The tribunal, formally called the Extraordinary Chambers in the Courts of Cambodia (ECCC), found the ultra-Maoist regime’s “Brother Number Two” Nuon Chea and its head of state Khieu Samphan guilty of crimes against humanity and genocide.
They were sentenced to life imprisonment, with Chea passing away last month at the age of 93.
The results of the Opinion Study on the Disposition and Custody of the ECCC’s Archives were released by DC-Cam on Wednesday.
The survey was undertaken from April to May in Phnom Penh and Prey Veng, Kandal, Battambang and Kampong Cham provinces.
A total of 1,574 people, including 550 members of the general public, 16 former Khmer Rouge cadres, 510 survivors of the regime, 444 university graduates and 37 university teachers were interviewed.
Seventeen “key informants” – including ECCC staff, donor country representatives, civil parties and NGO staff – were also interviewed.
The findings showed that 96 per cent of respondents thought it was essential to store the ECCC’s archives and its work in a safe and secure location.
“Respondents also believed that the ECCC’s archives must be stored and preserved at an institution that is credible and trusted, independent and neutral, and easily accessible by the Cambodian people.
“Respondents were strongly of the view that the institution that maintains the archives must not be politically connected or influenced,” the study said, adding that all documents must be protected from being “altered, adjusted or destroyed”.

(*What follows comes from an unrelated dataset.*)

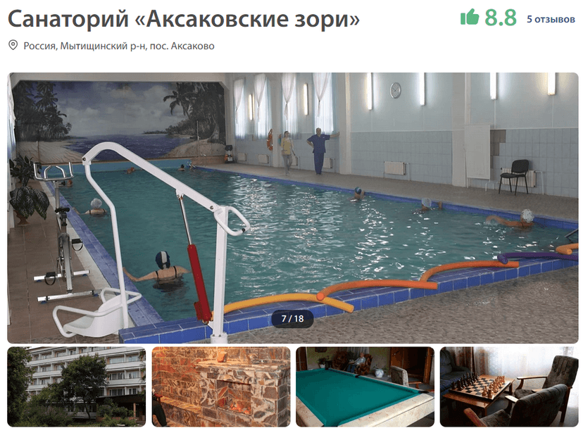 Уютный санаторий в Подмосковной деревне Аксаково. Это экологически чистый район с живописным лесом и протяженными аллеями. Территория пансионата удобна для неспешных прогулок. С нее можно попасть на пляж и лодочный причал. Жилые номера размещены в двух 5-этажных корпусах, лечебный корпус стоит отдельно. В этом санатории отдыхают люди пенсионного возраста – молодежи, судя по отзывам, тут будет скучно. Стоимость проживания включает в себя питание, согласно выбранному тарифу. В пансионате есть бассейн, спортивные площадки, библиотека и другие развлечения для организации досуга.

“Respondents also suggested that the institution should invest in technology to make the archives accessible to the public and other relevant stakeholders throughout the world. They suggested having cloud storage, a secure online platform and data centres. But all of the archives must be maintained in Cambodia,” the study said.
Chhang Youk, the director of DC-Cam, said an official decision on where to keep the ECCC’s archives had never been made.

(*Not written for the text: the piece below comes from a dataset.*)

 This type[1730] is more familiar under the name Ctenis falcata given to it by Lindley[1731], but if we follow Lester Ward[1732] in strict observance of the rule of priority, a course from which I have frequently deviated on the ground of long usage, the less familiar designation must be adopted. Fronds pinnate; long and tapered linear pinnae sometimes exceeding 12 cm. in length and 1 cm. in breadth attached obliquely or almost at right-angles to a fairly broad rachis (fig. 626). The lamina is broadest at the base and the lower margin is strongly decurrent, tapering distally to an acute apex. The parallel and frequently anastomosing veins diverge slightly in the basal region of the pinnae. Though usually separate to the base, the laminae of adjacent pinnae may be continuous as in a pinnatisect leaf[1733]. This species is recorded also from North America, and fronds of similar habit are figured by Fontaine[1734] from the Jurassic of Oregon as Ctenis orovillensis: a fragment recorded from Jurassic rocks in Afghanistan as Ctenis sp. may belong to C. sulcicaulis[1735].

“The objective of this study was to survey the attitudes of the Cambodian people regarding the disposition and custodianship of the archives of the ECCC, so that this information can serve as a key input into decisions about where and how these important historical records are preserved and maintained.
“Because a decision has never been made officially according to international norms, it led us to conduct this survey on an independent and credible institution in which to house the ECCC’s archives.
“Another lesson to be learned is that UNTAC did not leave any 1993 election documents in Cambodia, not even a copy of the most important of the documents, the Paris Peace Agreements,” Youk said.
UNTAC – the UN Transitional Authority in Cambodia – was formed to implement the 1991 Paris Peace Agreements that brought an end to decades of conflict.
Four institutions, the National Library, DC-Cam, the Hun Sen Library and the Library of the Ministry of Justice, were recommended by respondents as places to store the ECCC archives.
The $2.4 million Legal Documentation Centre was inaugurated in June, 2017, to house them.
Paid for by Japan, it stores the hard and soft copies of documents relating to the proceedings of the Khmer Rouge tribunal.
ECCC spokesperson Neth Pheaktra said the placement of the ECCC’s archives after the tribunal’s closure has been discussed in several meetings between Cambodian and UN officials during course of the ECCC.
“Further to the request of the General Assembly in Resolution 73/279 of 22 December 2018, the United Nations has entered into discussions with the Royal Government of Cambodia to discuss the potential residual functions of the court, including concerning the archives of the ECCC,” Pheaktra said.